*Exercise aim*: Find the line with "Overall, trucking is" in the records below. Output exactly from there until after the line with "- Quasi tutti", without pictures.

*Data to use*:
--

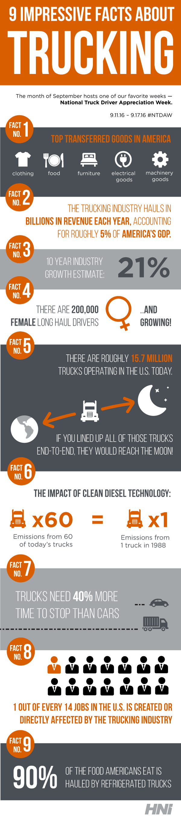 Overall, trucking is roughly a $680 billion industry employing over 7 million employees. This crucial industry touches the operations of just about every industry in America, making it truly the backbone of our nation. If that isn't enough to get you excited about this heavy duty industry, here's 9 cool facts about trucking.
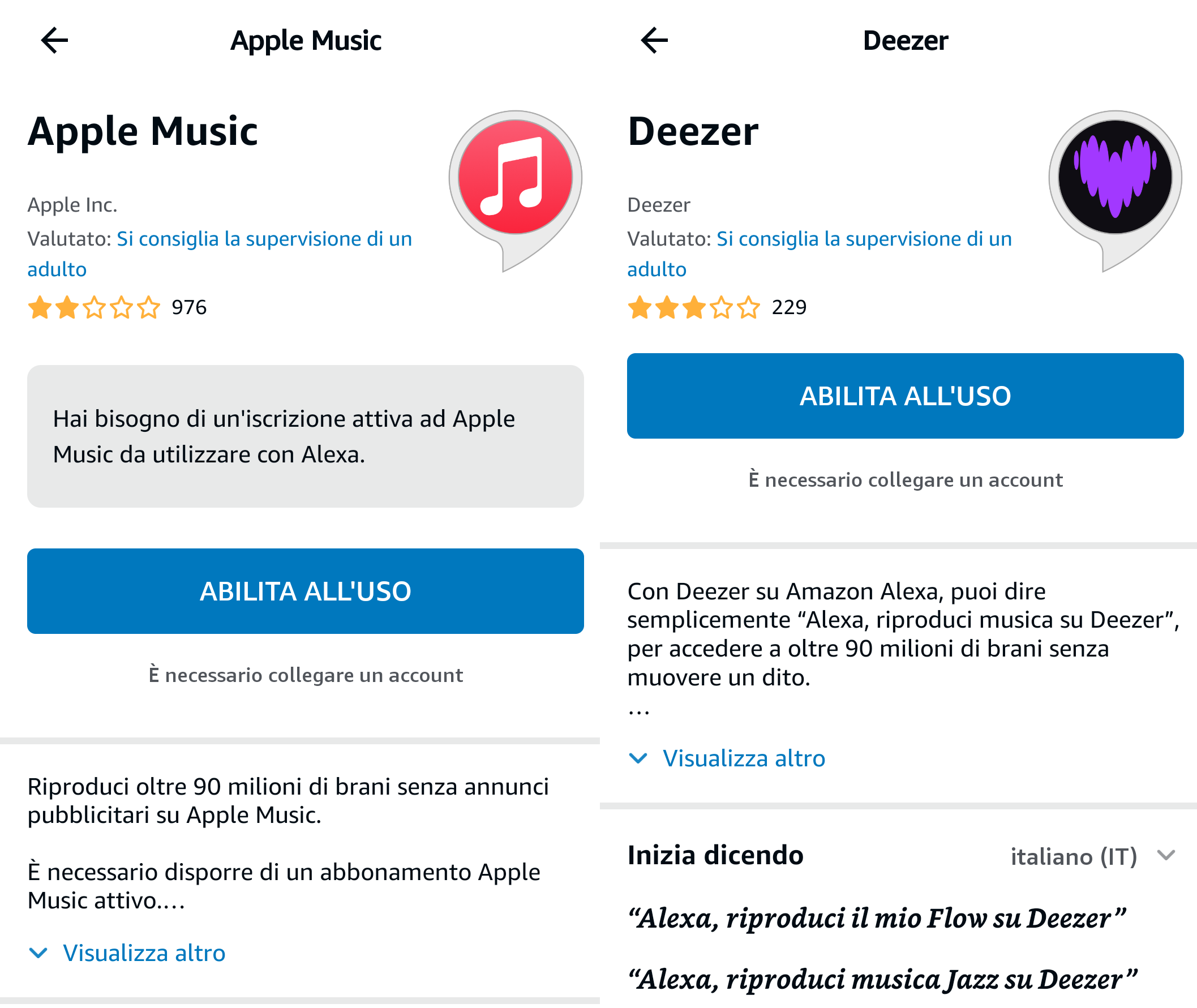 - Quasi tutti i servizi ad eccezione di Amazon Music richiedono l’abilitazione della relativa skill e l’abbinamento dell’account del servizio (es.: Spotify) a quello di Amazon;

--

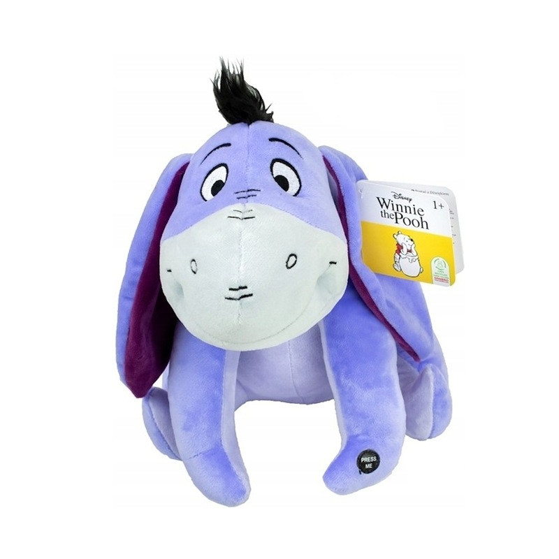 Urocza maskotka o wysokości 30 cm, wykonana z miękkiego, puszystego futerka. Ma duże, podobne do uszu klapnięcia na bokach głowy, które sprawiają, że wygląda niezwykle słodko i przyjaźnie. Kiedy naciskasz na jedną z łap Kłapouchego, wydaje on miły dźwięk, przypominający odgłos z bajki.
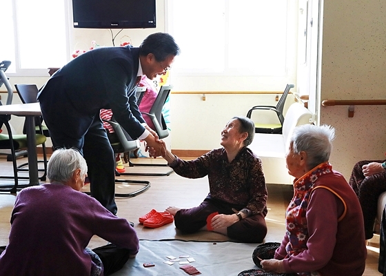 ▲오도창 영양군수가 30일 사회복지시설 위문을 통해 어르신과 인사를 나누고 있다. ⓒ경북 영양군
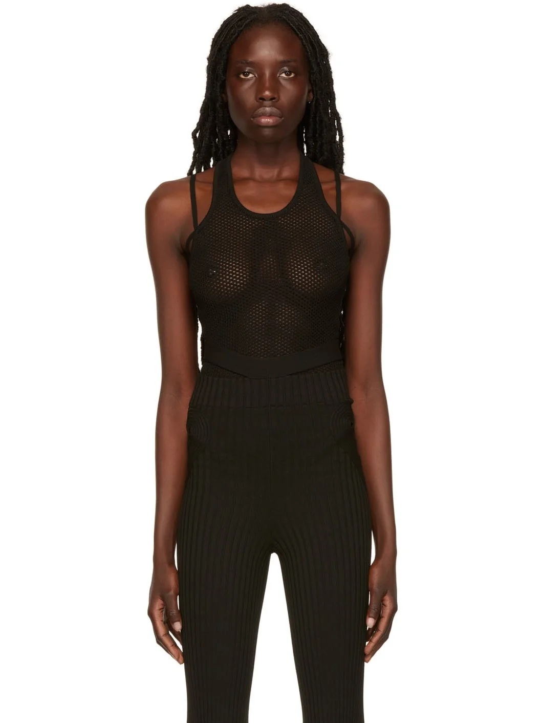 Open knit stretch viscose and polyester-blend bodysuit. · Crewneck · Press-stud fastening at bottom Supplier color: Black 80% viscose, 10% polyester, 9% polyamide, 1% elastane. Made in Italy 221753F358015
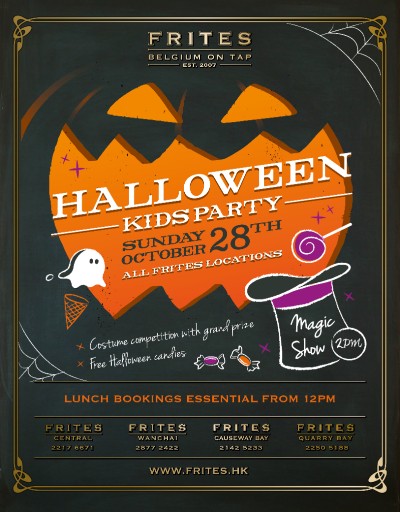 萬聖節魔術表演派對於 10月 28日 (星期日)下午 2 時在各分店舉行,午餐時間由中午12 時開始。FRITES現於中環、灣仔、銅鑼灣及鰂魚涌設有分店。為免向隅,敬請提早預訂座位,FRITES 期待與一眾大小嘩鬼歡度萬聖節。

--

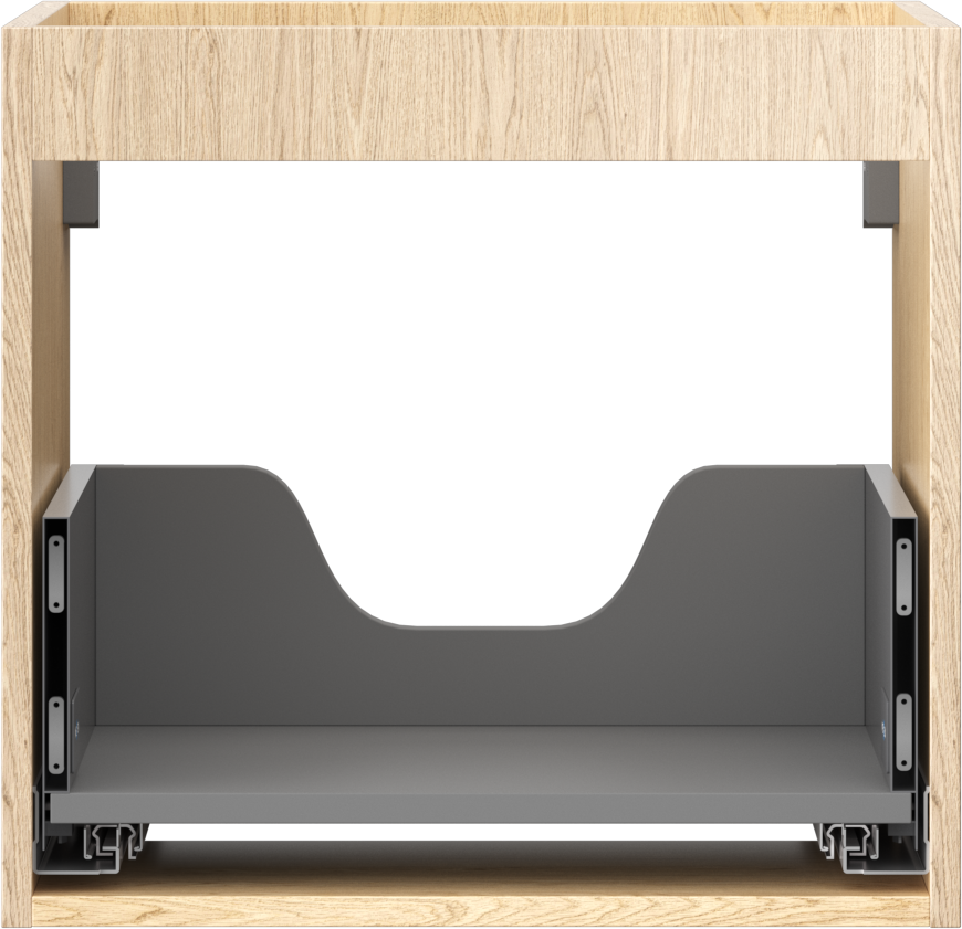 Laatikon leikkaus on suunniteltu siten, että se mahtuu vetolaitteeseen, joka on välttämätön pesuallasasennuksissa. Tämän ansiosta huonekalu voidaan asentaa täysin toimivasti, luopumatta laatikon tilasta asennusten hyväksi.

--

*Output for this task*:
 Overall, trucking is roughly a $680 billion industry employing over 7 million employees. This crucial industry touches the operations of just about every industry in America, making it truly the backbone of our nation. If that isn't enough to get you excited about this heavy duty industry, here's 9 cool facts about trucking.
 - Quasi tutti i servizi ad eccezione di Amazon Music richiedono l’abilitazione della relativa skill e l’abbinamento dell’account del servizio (es.: Spotify) a quello di Amazon;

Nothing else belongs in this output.